The strengths of our study include the relatively large number of subjects both at baseline and at the follow-up. However, there are some limitations associated with the present study. First, we did not measure arterial pH, serum bicarbonate ion, serum albumin or partial pressure of carbon dioxide. Therefore, we are unable to assess fully the acid-base status of the subjects in this study. Second, the lack of waist circumference data make weakens the definition of MetS. However, several studies in Japan have used a BMI ≥25 kg/m2 as a substitute for central obesity (15,24). This value corresponds to a cut-off point for a visceral fat area of 100 cm2, regarded to be the gold standard for defining central obesity (25). Third, serum Na+ and Cl- might be variable and thus serum Na+ and Cl- should be measured several times. Unfortunately, however, we measured serum Na+ and Cl- only once at the baseline examination. Lastly, the study population consisted of Japanese men and women, therefore, it is uncertain whether these findings are generalized in other ethnic groups.
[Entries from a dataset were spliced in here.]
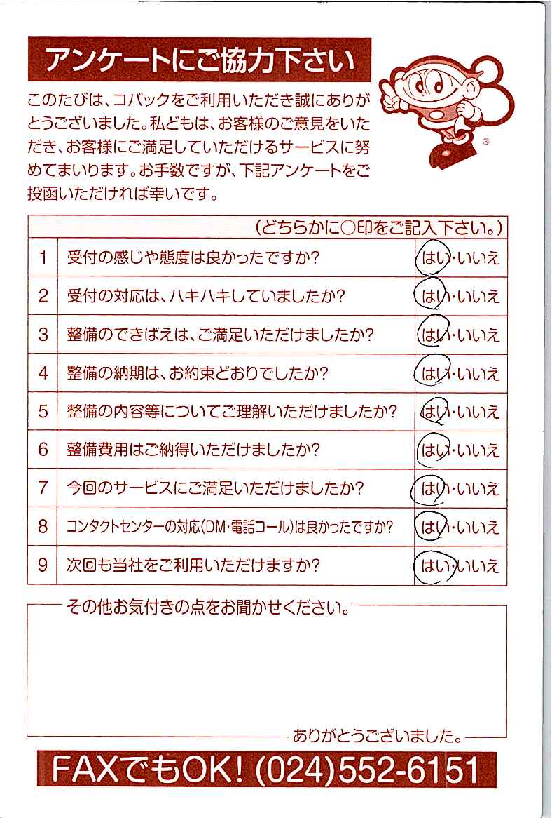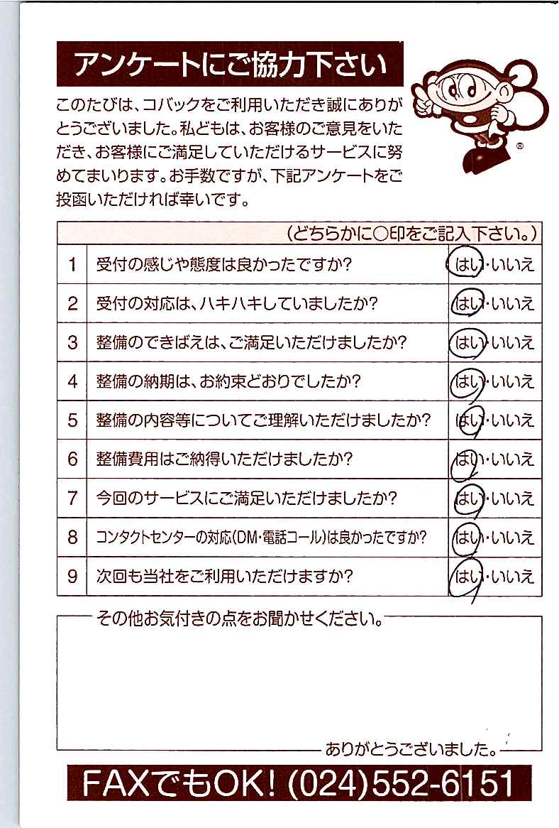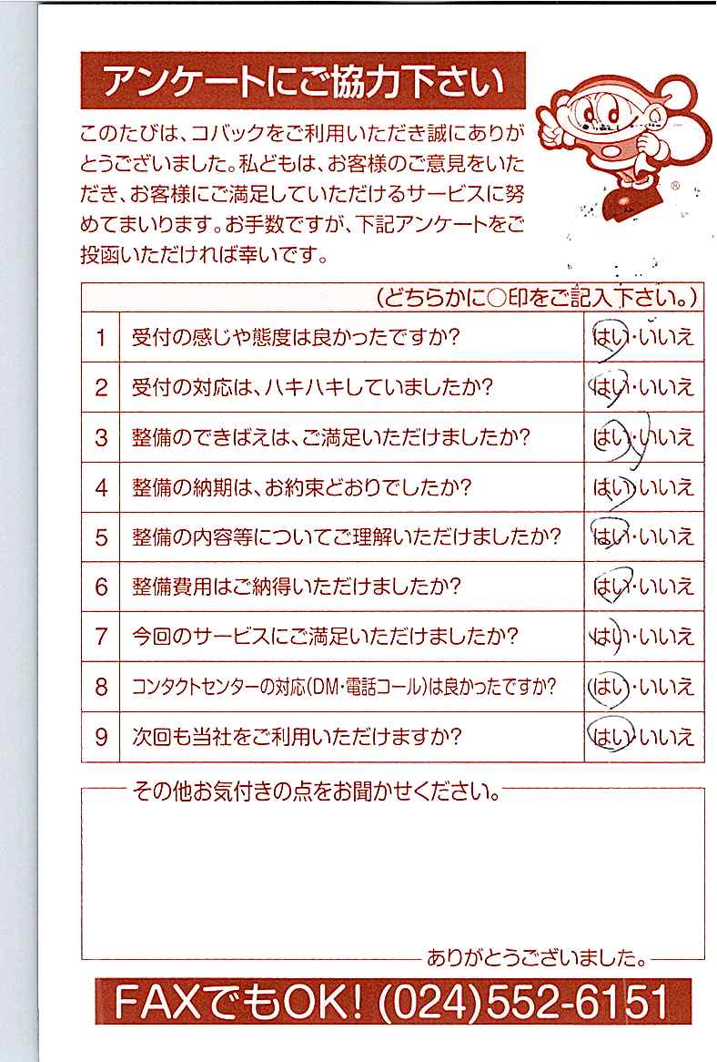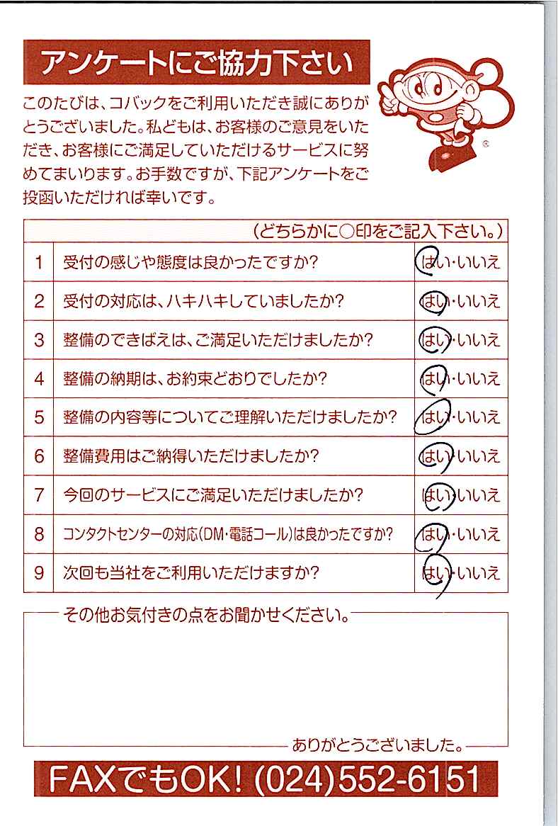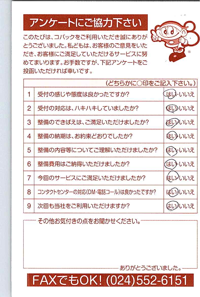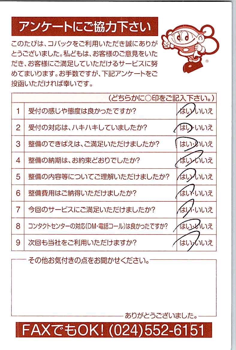 車検のコバック各店をご利用後には、ぜひアンケートのご協力をよろしくお願いいたします。
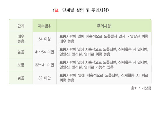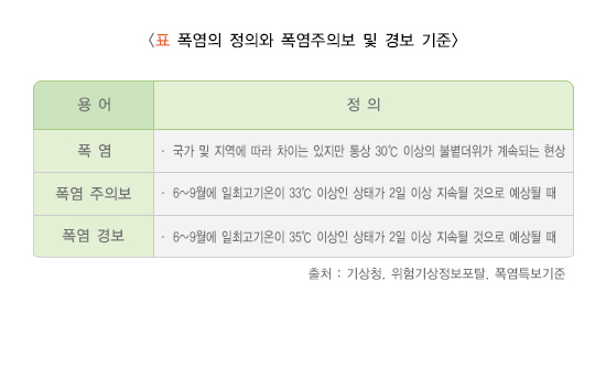 우리나라 기상청에서는 열파지수와 위험가능성의 정보를 76개 지역별로 4월 1일부터 10월 31일까지 제공하고 있으며, 이를 기반으로 폭염주의보, 폭염경보의 특보를 발령하고 있습니다. 폭염주의보는 6~9월에 일 최고기온이 33 ℃ 이상인 상태가 2일 이상 지속될 것으로 예상될 때 발령합니다. 폭염경보는 6~9월에 일 최고기온이 35 ℃ 이상인 상태가 2일 이상 지속될 것으로 예상될 때 발령합니다.
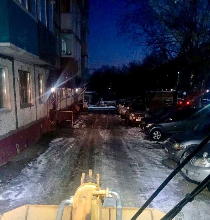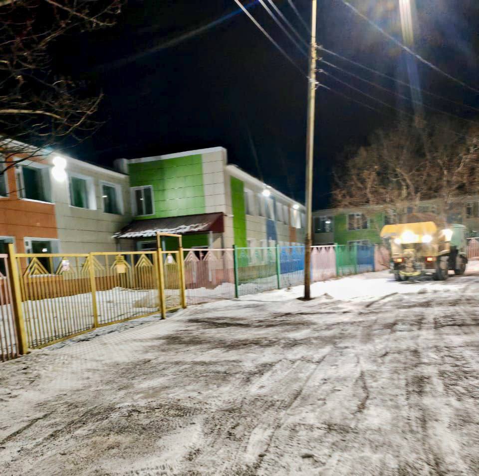 Город день за днём9 ноября 2025 годаПодрядные организации продолжают расчистку и обработку противогололедными материалами межквартальных проездов и придомовых территорий.#зимнее_содержание_ПКГО#работаем
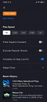 В приложении существует встроенный аудиоплеер, предназначенный для прослушивания выбранных подкастов. Запуск плеера осуществляется автоматически. В любой момент можно поставить воспроизведение на паузу в случае необходимости. Присутствует возможность выбора скорости прослушивания записей. Можно отключить воспроизведение через определенное время, установленное заранее. Это возможно благодаря таймеру сна.В процессе использования утилита сохраняет всю историю прежде воспроизводимых подкастов.
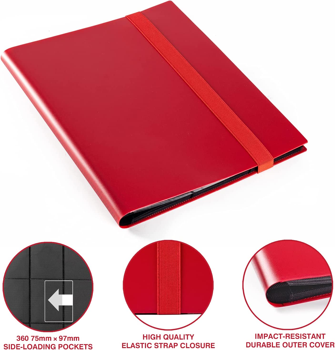SECURE - Side-loading pockets designed to keep your cards securely in place. The outer cover of the folder is very sturdy and cannot bend under the pressure of the elastic closure. Meanwhile, a high-quality elastic band fastener keeps the trading card folder closed. No cards will spill.
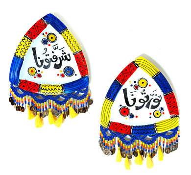Hand-Painted Ceramic Wall Hanging with Handmade Blue Crochet Tassels
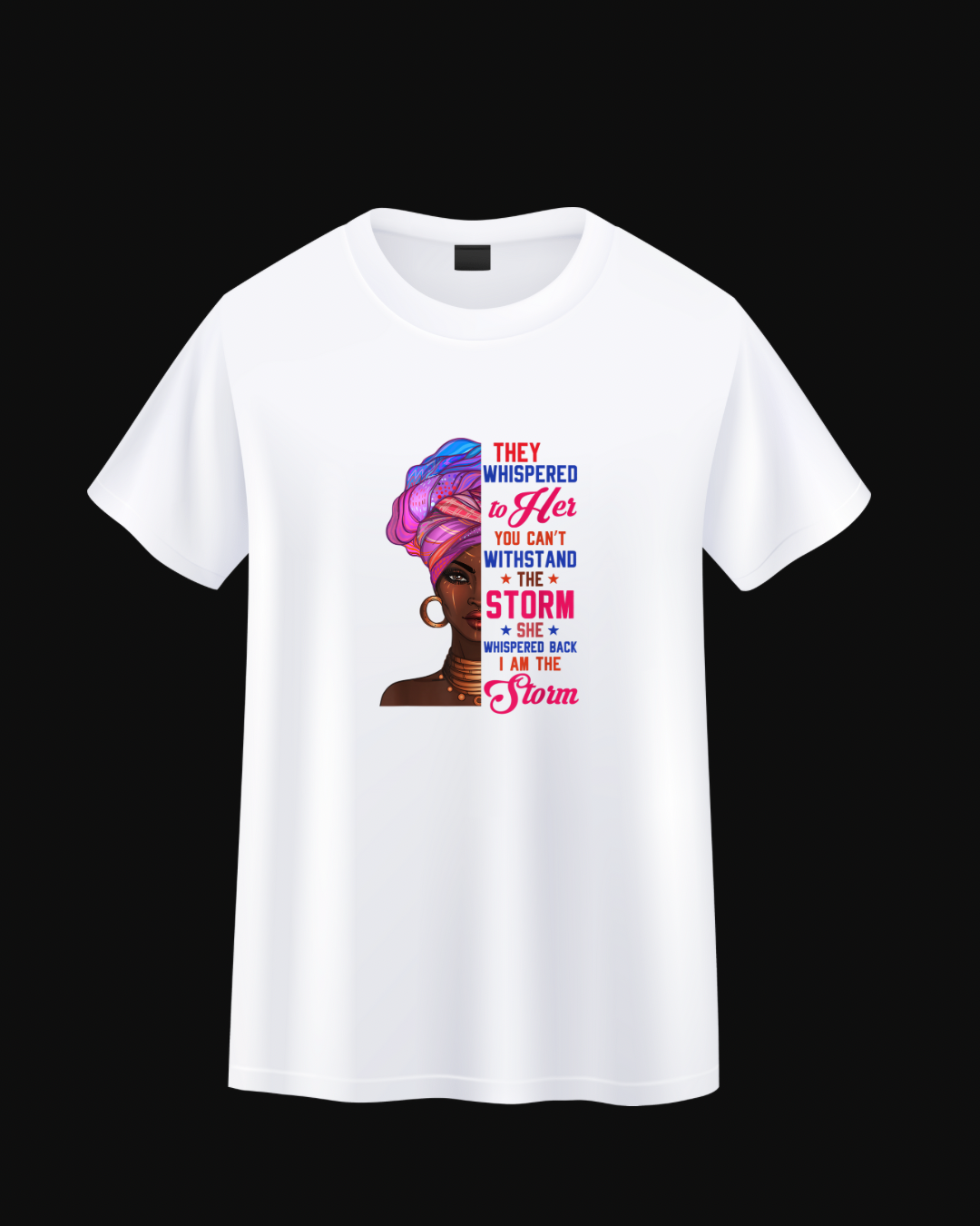 Bold and empowering, this “I Am the Storm” t-shirt features a striking illustration of a strong Black woman with a colorful headwrap, making it the perfect statement piece. A must-have for those who embrace their power and resilience.
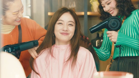 CMでは、谷さんが美容室に来店し、施術を受けながら楽しそうな表情を見せます。
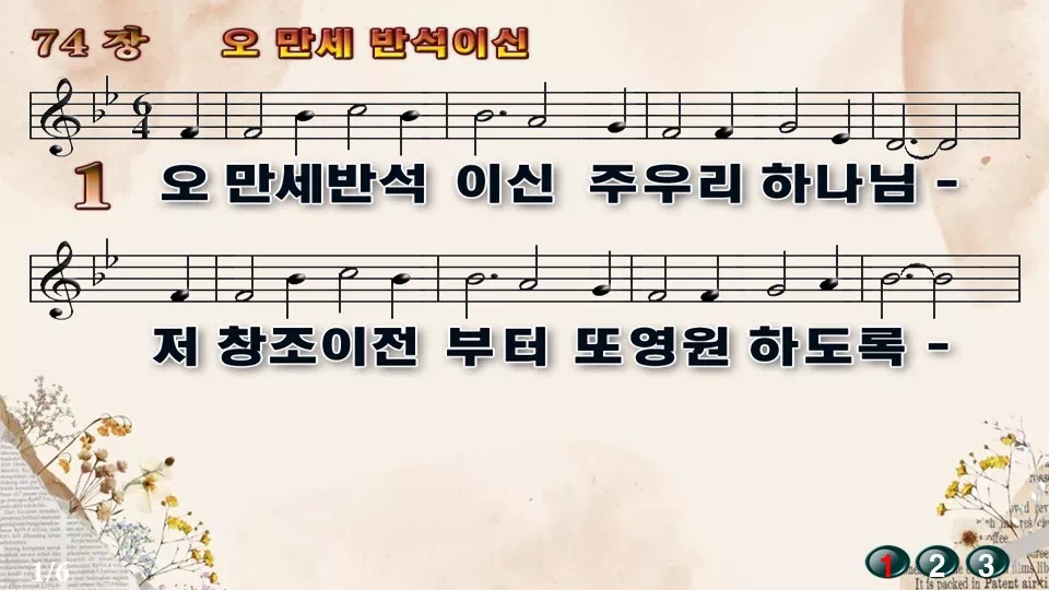새찬송가 '74장 오 만세 반석이신'의 16:9 와이드버전으로 편집된 새찬송가 PPT악보입니다.
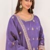 - The consistent use of Real Simar Silk across all three pieces ensures a coordinated, rich look with excellent fall and comfort. Fine embroidery enhances the overall elegance, making it suitable for both daytime and evening occasions.
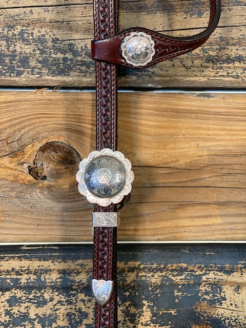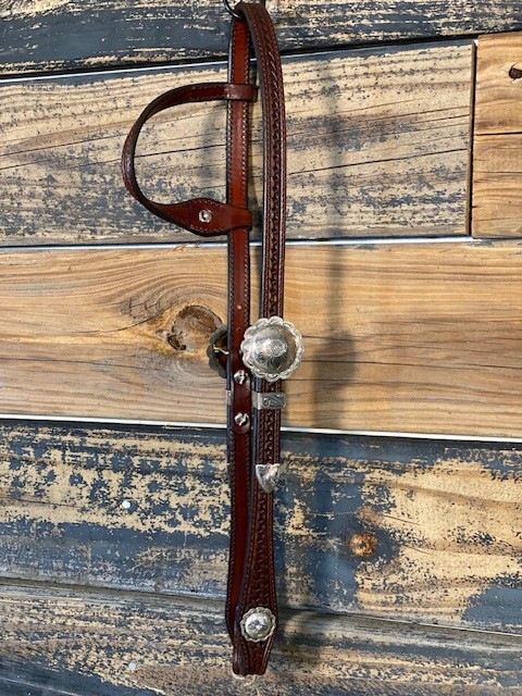 New Silver Show Headstall. Dark Oil. Slide Ear.
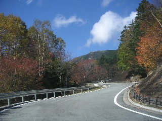 状況を見て、また通り沿いの山にでも登ろうと、とにかくそのまま先の乙女高原方面に向けてドライブ。舗装されているが、対向車がいたらけっこう気を遣う細い林道だ。運転は夫に任せて私は黄葉、紅葉を充分堪能。思ったより綺麗に色づいていた。まだまだこれからしばらくは充分楽しめそうだ。
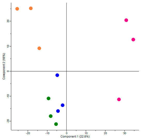 Principal component analysis. Orange dots, HFD group; pink dots, SD group; blue dots, HFD-M group; green dots, SD-M group.
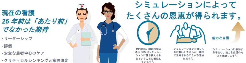 過去25年間で看護領域に生じた変化は、看護学生や看護師にとって、より実践的トレーニング(ハンズオン)や、包括的かつ実体験のように感じられるトレーニング経験の必要性を示しています。リーダーシップやコミュニケーションスキル、安全な医療のためのトレーニングといった点が一層重要視されていく中、質の高いシミュレーショントレーニングを体験することは、看護師の方々にとって大変有効です。

In conclusion, we showed that Na+-Cl- is associated with the increased risk of MetS in this study. This finding suggests the diagnostic utility of Na+-Cl- as a provisional new risk marker for MetS, which can be easily measured in the clinical laboratory and applied in medical practice. Na+-Cl- could be an important marker for the presence or development of MetS, however, interventional methods to decrease Na+-Cl- have not yet been established. Thus, subjects with high Na+-Cl might require aggressive lifestyle modifications and medication to lower blood glucose, triglycerides and blood pressure to prevent the development of MetS.

Author's disclosure of potential Conflicts of Interest (COI).

Masahiro Yamazaki: Honoraria, AstraZeneca plc. Naoto Nakamura: Honoraria, AstraZeneca plc and Ono Pharmaceutical. Michiaki Fukui: Fees for promotional materials, AstraZeneca plc., Astellas Pharma, Nippon Boehringer Ingelheim, Ltd., Daiichi Sankyo, Eli Lilly Japan, Kyowa Hakko Kirin Company, Kissei Pharmaceutical, MSD, Mitsubishi Tanabe Pharma, Novo Nordisk Pharma, Sanwa Kagaku Kenkyusho, Sanofi, Ono Pharmaceutical and Takeda Pharmaceutical. Mai Asano: Research funding, Ono Pharmaceutical.